Sadly the answer is not really interesting. You are simply lacking the @inbounds broadcast implicitly adds.

On my system:

julia> @btime @. $C = $A * $B 
  3.774 ms (0 allocations: 0 bytes)

julia> @btime mulcab!($C, $A, $B) 
  7.905 ms (9 allocations: 272 bytes)

After changing:

julia> @kernel function mulcab_kernel(C, A, B)
           i, j = @index(Global, NTuple)
           @inbounds C[i,j] = A[i,j] * B[i,j]
       end

julia> @btime mulcab!($C, $A, $B)   # 9.775 ms (10 allocations: 288 bytes)
  4.017 ms (9 allocations: 272 bytes)
2 Likes

Well, this is kind of unxpected for me. For example, the speed of the explicit loop function,

function mulcab_loop(C, A, B)
    N1, N2 = size(C)
    for j=1:N2, i=1:N1
        C[i,j] = A[i,j] * B[i,j]
    end
    return nothing
end

is the same as for the broadcasting, and the @inbounds macro has no effect on both of them. Does it mean that the compiler is smart enough to put @inbounds implicitly behind the scene?
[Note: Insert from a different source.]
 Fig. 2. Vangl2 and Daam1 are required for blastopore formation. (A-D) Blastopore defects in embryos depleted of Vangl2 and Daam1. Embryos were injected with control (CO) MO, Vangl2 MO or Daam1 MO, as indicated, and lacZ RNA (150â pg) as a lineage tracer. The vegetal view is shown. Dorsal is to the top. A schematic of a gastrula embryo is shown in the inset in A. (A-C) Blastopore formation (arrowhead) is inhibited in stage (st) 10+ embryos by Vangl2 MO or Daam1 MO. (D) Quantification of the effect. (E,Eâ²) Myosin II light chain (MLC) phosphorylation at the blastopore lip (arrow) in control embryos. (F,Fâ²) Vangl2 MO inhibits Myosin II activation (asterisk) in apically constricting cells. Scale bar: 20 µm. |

Yes there is an LLVM optimization pass called InductiveRangeCheckElimination that can do boubds-checks elimination. The loop structure that KA uses under the hood is a bit more complicated so it might be that IRCE fails.
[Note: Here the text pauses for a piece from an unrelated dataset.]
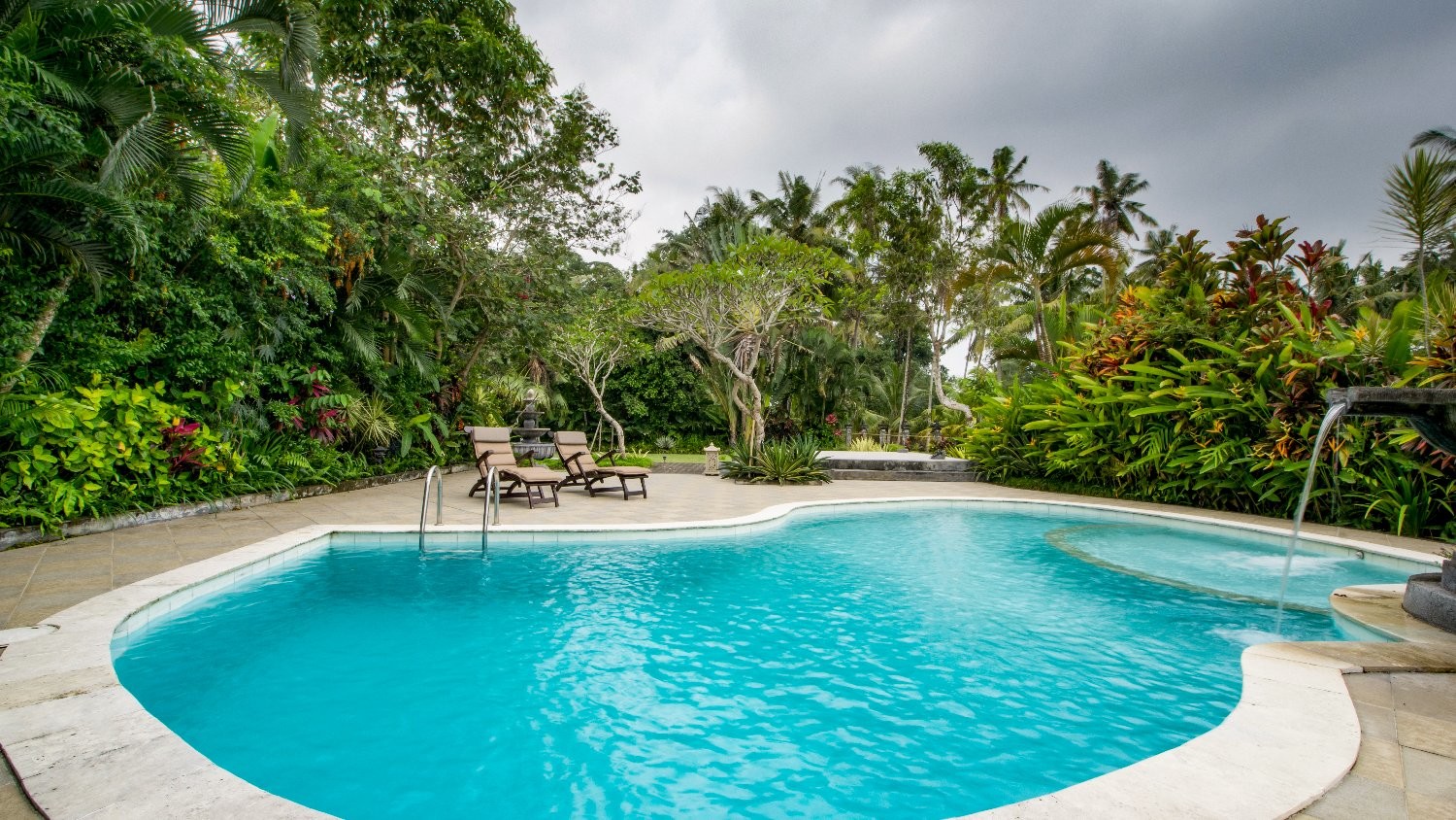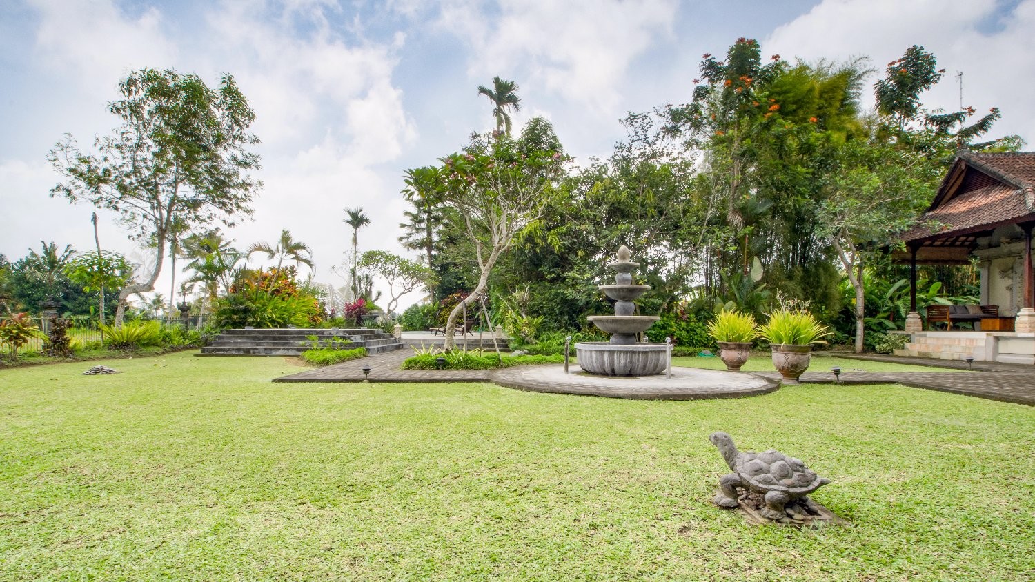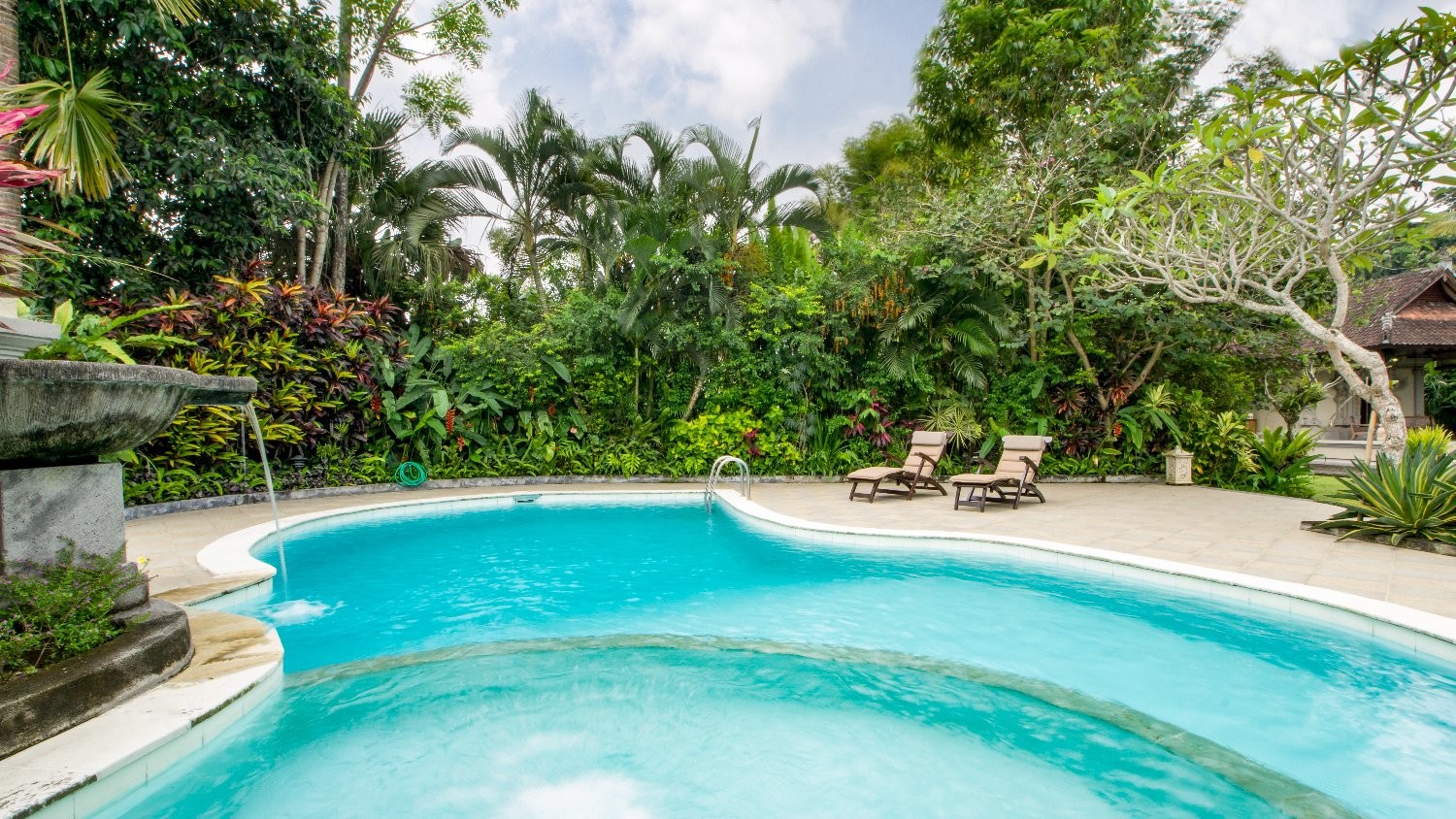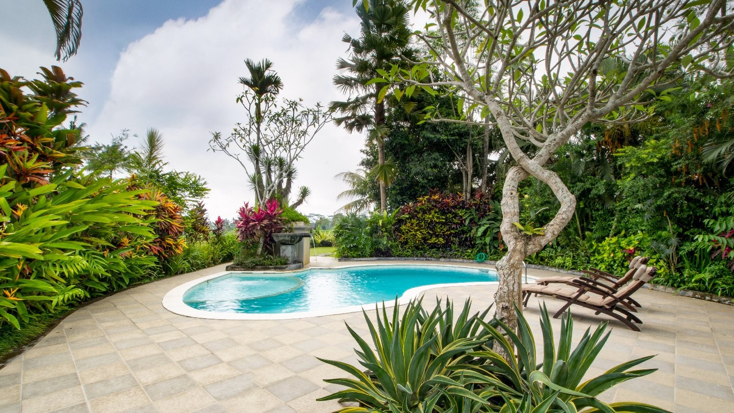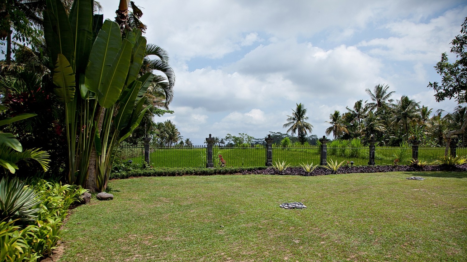 Sited at extensive well-manicured garden fenced with line of coconut tree, this villa is perfect for your tranquil staying accommodation in Bali’s heartland of Ubud. The atmosphere of Balinese culture can be sensed from the time you enter the area which is pictured in the architecture of the building. Detailed sculptured entrance and door enhances the ambiance of local building structure which is beautified by a cascading fountain. The villa itself consists of 1 main bedroom furnished with sofa, working desk and a bathroom with bathtub. Meanwhile, there are two more bedrooms located on the different side of the building. These bedrooms are connected by dining room and living room on the other side which are designed to suit the classic Balinese architecture. This villa is blessed with picturesque view of green rice field enhancing the view of great nature. This peaceful tropical view is also complemented by a lagoon-like pool where you can dip while enjoying the great sky of Bali meeting the endless stretch of green landscape. On the side of the pool, located a traditional Balinese bale where you can start your yoga activity, reading books, or just laying down while enjoying the cool breeze of wind and seeing the vast green paddy fields and coconut trees. The poolside is also perfect to get our tan work started or doing a small barbecue with your loved ones. While you spending your quality time in this villa, professional staff will take care of your needs and inquiries. Security staff is available 24 hours and the housekeeping will take care the rest of tidy up. If you want to explore the area, sightseeing while riding a bike is one of the best activities you could do. You may find local residence living not far from your villa or finding local village temples. Furthermore, the main hub of Ubud is only about 20 minutes and Goa Gajah for about 10 minutes by car.
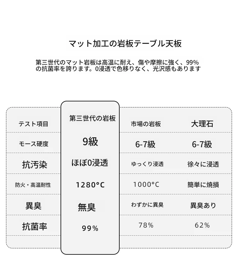 【スルゼ食卓】1.8メートル全托複合岩板 マット銀河黒馬腹型天板

Great! Thank you. Very interesting to know.

If you allow, one more question. The problem above is an embarrassingly parallel one. Why the scaling with threads is so minor (see the plots below)?
N=2048 N=4096

Yes, but it also has a very low arithmetic intensity: for each multiplication operation, 3 memory accesses are needed (2 reads & 1 write). So I’d say the performances of this code are memory-bound: adding more CPUs won’t help as they have to wait for the data to be available.

The performance of this kernel is also likely to depend a lot on the size of your problem: if it is small enough to fit into the cache, memory accesses will be faster than for a large problem where data ultimately has to be fetched from RAM.

2 Likes

This may also be false sharing, along with high memory IO.
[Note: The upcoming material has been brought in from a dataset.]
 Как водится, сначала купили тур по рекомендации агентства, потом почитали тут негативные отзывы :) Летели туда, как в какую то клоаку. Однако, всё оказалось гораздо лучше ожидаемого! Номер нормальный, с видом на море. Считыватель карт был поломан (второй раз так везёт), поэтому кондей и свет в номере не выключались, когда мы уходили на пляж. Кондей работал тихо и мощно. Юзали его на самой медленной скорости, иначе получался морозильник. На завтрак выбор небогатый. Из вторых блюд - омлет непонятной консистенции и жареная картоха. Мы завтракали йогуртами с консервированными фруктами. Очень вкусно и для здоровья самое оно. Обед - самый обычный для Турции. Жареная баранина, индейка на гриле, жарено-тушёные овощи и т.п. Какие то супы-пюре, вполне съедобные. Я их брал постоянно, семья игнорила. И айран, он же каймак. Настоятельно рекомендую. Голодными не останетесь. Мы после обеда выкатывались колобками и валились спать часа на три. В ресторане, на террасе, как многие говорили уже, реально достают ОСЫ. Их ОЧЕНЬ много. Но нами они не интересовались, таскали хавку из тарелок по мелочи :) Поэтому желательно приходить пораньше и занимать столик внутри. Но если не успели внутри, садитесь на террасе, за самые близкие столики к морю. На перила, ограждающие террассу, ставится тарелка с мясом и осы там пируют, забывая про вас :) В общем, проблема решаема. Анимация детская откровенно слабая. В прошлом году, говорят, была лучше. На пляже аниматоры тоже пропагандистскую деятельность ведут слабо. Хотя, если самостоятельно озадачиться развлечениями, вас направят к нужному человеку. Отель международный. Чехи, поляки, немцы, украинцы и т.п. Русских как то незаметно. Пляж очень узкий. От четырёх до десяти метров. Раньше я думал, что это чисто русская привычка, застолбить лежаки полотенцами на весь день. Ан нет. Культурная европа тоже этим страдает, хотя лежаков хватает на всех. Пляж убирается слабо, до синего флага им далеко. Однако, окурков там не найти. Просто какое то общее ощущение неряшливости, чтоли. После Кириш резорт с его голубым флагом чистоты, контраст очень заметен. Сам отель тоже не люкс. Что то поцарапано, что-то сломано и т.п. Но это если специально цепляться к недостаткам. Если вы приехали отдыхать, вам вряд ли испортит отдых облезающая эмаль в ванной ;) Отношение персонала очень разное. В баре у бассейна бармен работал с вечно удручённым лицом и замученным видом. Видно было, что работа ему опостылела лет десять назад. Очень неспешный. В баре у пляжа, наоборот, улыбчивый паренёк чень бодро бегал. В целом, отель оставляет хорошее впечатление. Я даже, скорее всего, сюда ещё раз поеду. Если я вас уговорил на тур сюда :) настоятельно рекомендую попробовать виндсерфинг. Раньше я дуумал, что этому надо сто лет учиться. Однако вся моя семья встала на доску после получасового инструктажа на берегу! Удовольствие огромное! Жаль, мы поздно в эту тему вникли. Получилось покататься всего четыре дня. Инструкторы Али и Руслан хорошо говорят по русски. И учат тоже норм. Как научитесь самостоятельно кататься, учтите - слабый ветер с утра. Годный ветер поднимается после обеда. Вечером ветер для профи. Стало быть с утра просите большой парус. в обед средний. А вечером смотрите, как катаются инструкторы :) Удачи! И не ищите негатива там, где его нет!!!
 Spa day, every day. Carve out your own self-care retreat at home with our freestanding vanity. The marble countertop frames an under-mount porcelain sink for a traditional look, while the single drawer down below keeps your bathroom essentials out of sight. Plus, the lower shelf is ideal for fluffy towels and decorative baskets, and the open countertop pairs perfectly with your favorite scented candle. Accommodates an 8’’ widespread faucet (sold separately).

Thank you @ffevotte and @jmair.
Indeed, if I make the kernel more computationally intensive,

@kernel function mulcab_kernel(C, A, B)
    i, j = @index(Global, NTuple)
    @inbounds C[i,j] = exp(A[i,j]) * sin(B[i,j])
end

I start to see the expected behavior:
t_vs_nthreads

Another interesting observation. Using the following code:

using BenchmarkTools
using KernelAbstractions

func1(a, b) = a * b
func2(a, b) = exp(a) * sin(b)

function mulcab!(C, A, B)
    N1, N2 = size(C)
    for j=1:N2, i=1:N1
        C[i,j] = func2(A[i,j], B[i,j])
    end
    return nothing
end

@kernel function mulcab_kernel(C, A, B)
    i, j = @index(Global, NTuple)
    @inbounds C[i,j] = func2(A[i,j], B[i,j])
end
function mulcab_ka!(C, A, B)
    backend = get_backend(C)
    ndrange = size(C)
    mulcab_kernel(backend)(C, A, B; ndrange)
    return nothing
end

N = 2048   # 2 - 8192
A = 2 * ones(N, N)
B = 3 * ones(N, N)
C = zeros(N, N)

@btime mulcab!($C, $A, $B)

@btime mulcab_ka!($C, $A, $B)

I measured the computation times of simple loop and the corresponding KA kernel versus the size of the input array. I considered two cases: 1) low cost (func1(a, b) = a * b) and high cost (func2(a, b) = exp(a) * sin(b)) kernel function. The figures below show the resulting run time vs log2(N).

func1 func2

The figures show that KA introduce quite high overhead. For simple (memory bound) kernel, the overhead time becomes negligible starting from array sizes 1024x1024, while for more costly kernel, the corresponding array size is 128x128.

I guess, the conclusions can be the following. At present time KA introduce unpleasantly high overhead. Therefore, the recommendation is to combine small kernels into one big with high computational costs.